It is noted that a similar approach has been attempted using the CYGNSS raw IF data collected over Mississippi River in [27], and this new analysis presented here is just to provide the users a simply example on how to extract observables from the complex waveform for different geophysical application. It is also remarkable that a similar algorithm will be also implemented as the HydroGNSS mission’s Level 2 inundation detection processor. However, the impact of dense vegetation and saturated soil on the performance of such detector should be further investigated.
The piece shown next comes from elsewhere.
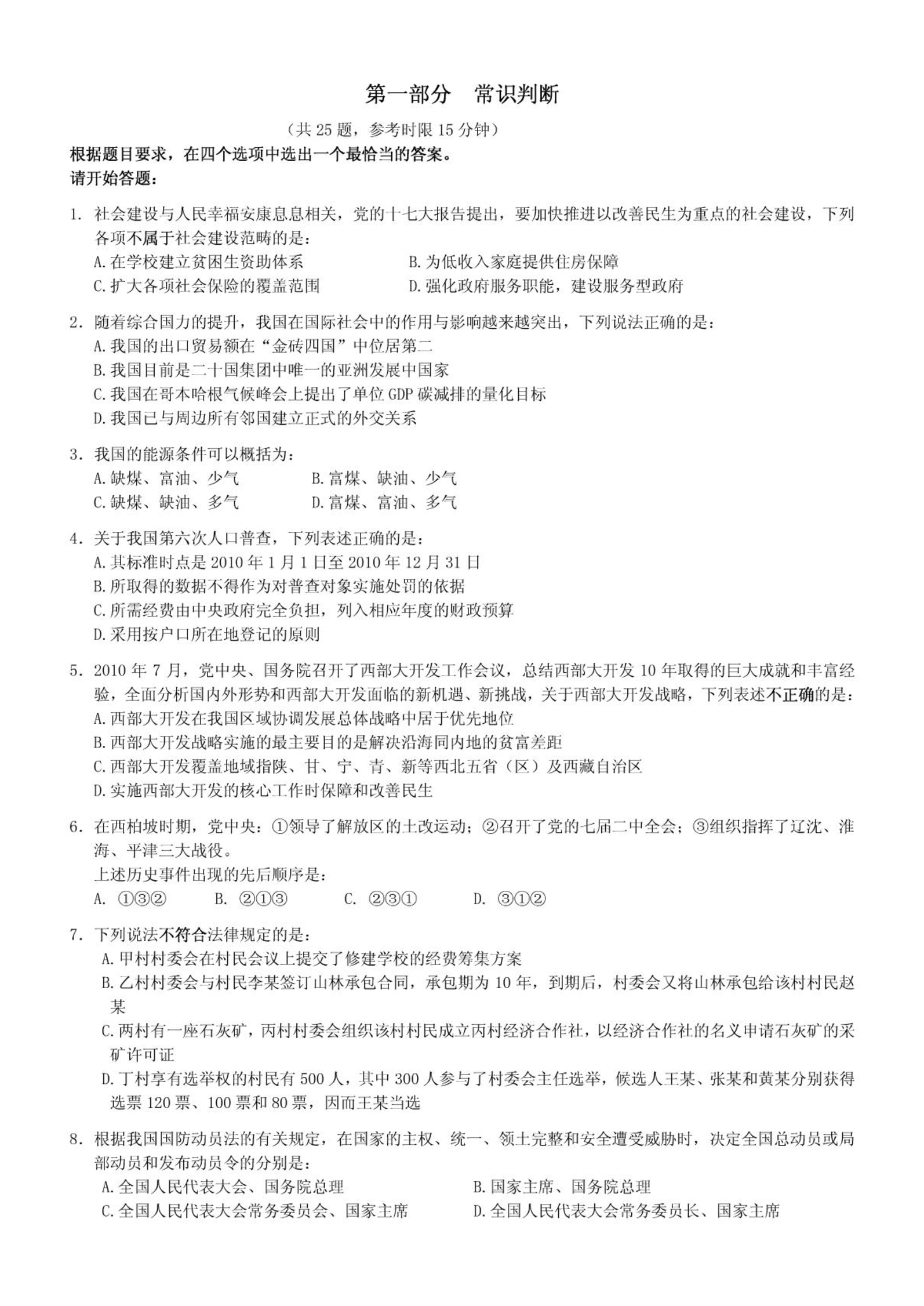 2010年江苏省公务员考试公共基础知识C类真题及答案解析.pdf

Note that CYGNSS mission has made dedicated raw IF data collections over inundation regions as well as tropical wetlands, e.g., Amazon basin, Mississippi watershed, Yucatan Lake, Florida Everglades and White River watershed. The complex waveforms generated from these raw IF data can be used to demonstrate the application of inland water detection, and can also facilitate the development and validation of the HydroGNSS baseline inundation processor. The user can set the target region in the function Find_RawIF_Track to find and download the complex waveforms data files in these regions.
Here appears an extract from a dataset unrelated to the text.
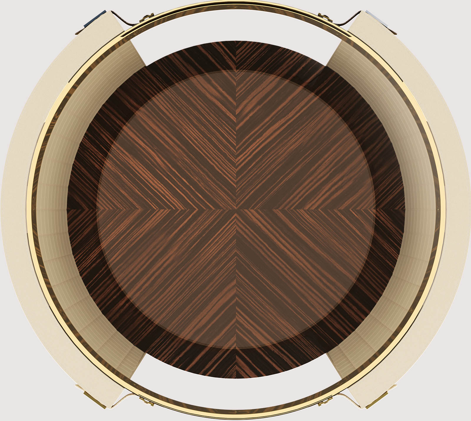 Metal frame. Quilted leather legs. Base available in makassar ebony or eucalyptus frisé veneer. Glass top.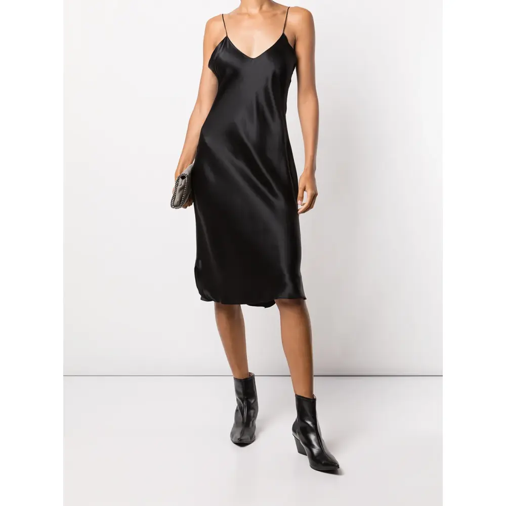 Глубокий V-образный вырез, тонкие бретели, силуэт трапеция и закругленный подол. Цвет: черный.

5.3. Demonstration of GNSS-R Altimetry

Altimetry using reflected GNSS signal is one of the main potential applications of GNSS-R concept. However, there is still no dedicated GNSS-R altimetry mission in orbit. The publicly available Level 1 datasets from TDS-1 and CYGNSS are generated mainly for ocean scatterometry applications, and there are several limitations to using them for altimetry purpose. For example, the main variable for reconstructing the onboard OL delay in CYGNSS Level 1 data product, i.e., “add_range_to_sp”, is truncated to 0.1 chip numeric precision (∼30 m), which can significant increase the total altimetry error and mask the truly achievable altimetry precision.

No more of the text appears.